The impact is reverberating through supply chains. YMTC
cannot build production lines with foreign components, which means it
is having to cancel orders for Chinese equipment, too, that would have
gone into the same lines. It has reportedly cut orders from one local
firm by 70%. It may in time be unable to fulfil orders for chips from
Chinese customers. In January it began laying off workers and asked
former staff to repay generous housing subsidies. Disgruntled former
employees claim it is desperately trying to save cash and that its
troubles stem from the sanctions.
The
ultimate effect of all this will be to set back China’s chip industry.
International Business Strategies, a consultancy, had previously
estimated that Chinese firms would be making more than half of the chips
their country needed by 2030. After the American sanctions came into
effect, it lowered that forecast to 33%.
This
is just what America’s policymakers want. The latest sanctions are
different from past measures against China, Russia and, during the cold
war, the Soviet Union. They seek to deny China access not just to
advanced weapons or narrowly defined technologies, but to undermine
whole industries.

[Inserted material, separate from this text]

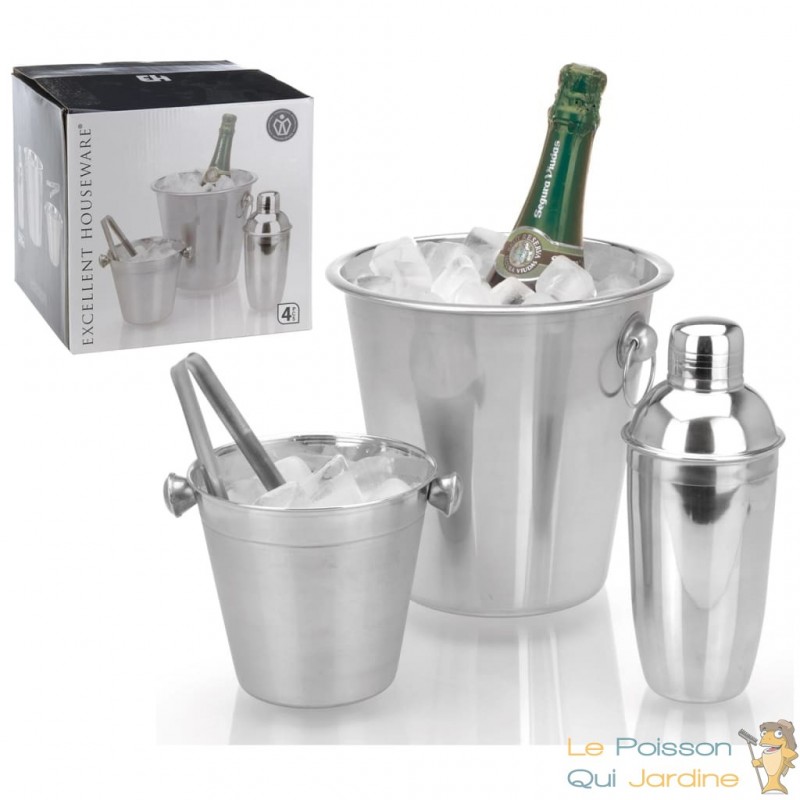 Ce pratique ensemble de cocktail se distingue par son refroidisseur de champagne, son seau à glace, ainsi qu'un shaker de 500 ml équipé d'un filtre, d'un couvercle et d'une pince à glace. Ces éléments essentiels garantissent que vous disposez de tout ce dont vous avez besoin pour créer des cocktails professionnels dans le confort de votre propre bar.

In a speech in September Jake Sullivan, America’s
national security adviser, explained that the government wanted to
hobble China’s capabilities in “foundational technologies” such as
artificial intelligence, biotech and clean energy, to allow America to
maintain as much of an edge as possible in these areas. Some call this
plan the “Sullivan doctrine”.
FDPRgy-bargy
So far, America’s main technique for hobbling Chinese industry has been export controls using “foreign direct product rules” (FDPRs).
These orders, issued by the Department of Commerce, can be used to
restrict the sale not just of goods made in America but also of any item
made anywhere using American intellectual property. Firms that break
the rules risk prosecution if they do business in America and crippling
sanctions even if they do not.
The FDPR that has spurred chip-smuggling and upended YMTC
was issued in October. In keeping with the Sullivan doctrine, it
attempts to cut China off from the most advanced chips involved in the
machine learning that underpins all ai. It also bars
American engineers, and even Chinese nationals with American green
cards, from working at many Chinese chip companies. This abrupt
escalation, says Joerg Wuttke of the European Union Chamber of Commerce
in Beijing, was tantamount to “a declaration of tech war”.
In fact, the war had already begun. America has been cudgelling Huawei, a Chinese tech firm, with various weapons, including an FDPR,
since 2019. Donald Trump, the previous president, attempted to force
ByteDance, another Chinese firm, to sell TikTok, an app adored by teens
around the world. But America’s assault is clearly intensifying.
Congress has been loudly debating a ban on TikTok.
The mandarins of the commerce department and the Treasury have many
more potential sanctions up their sleeves. China, meanwhile, will not
sit idly by as its industries are pummelled. And, as in any conflict,
bystanders are being pulled into the fight.
How
far will the battle escalate and how severe will the damage be? At the
very least, the fighting will force a drastic reorganisation of supply
chains in the $570bn market for computer chips. It may well spill into
other industries such as clean technology, biotech and even agriculture.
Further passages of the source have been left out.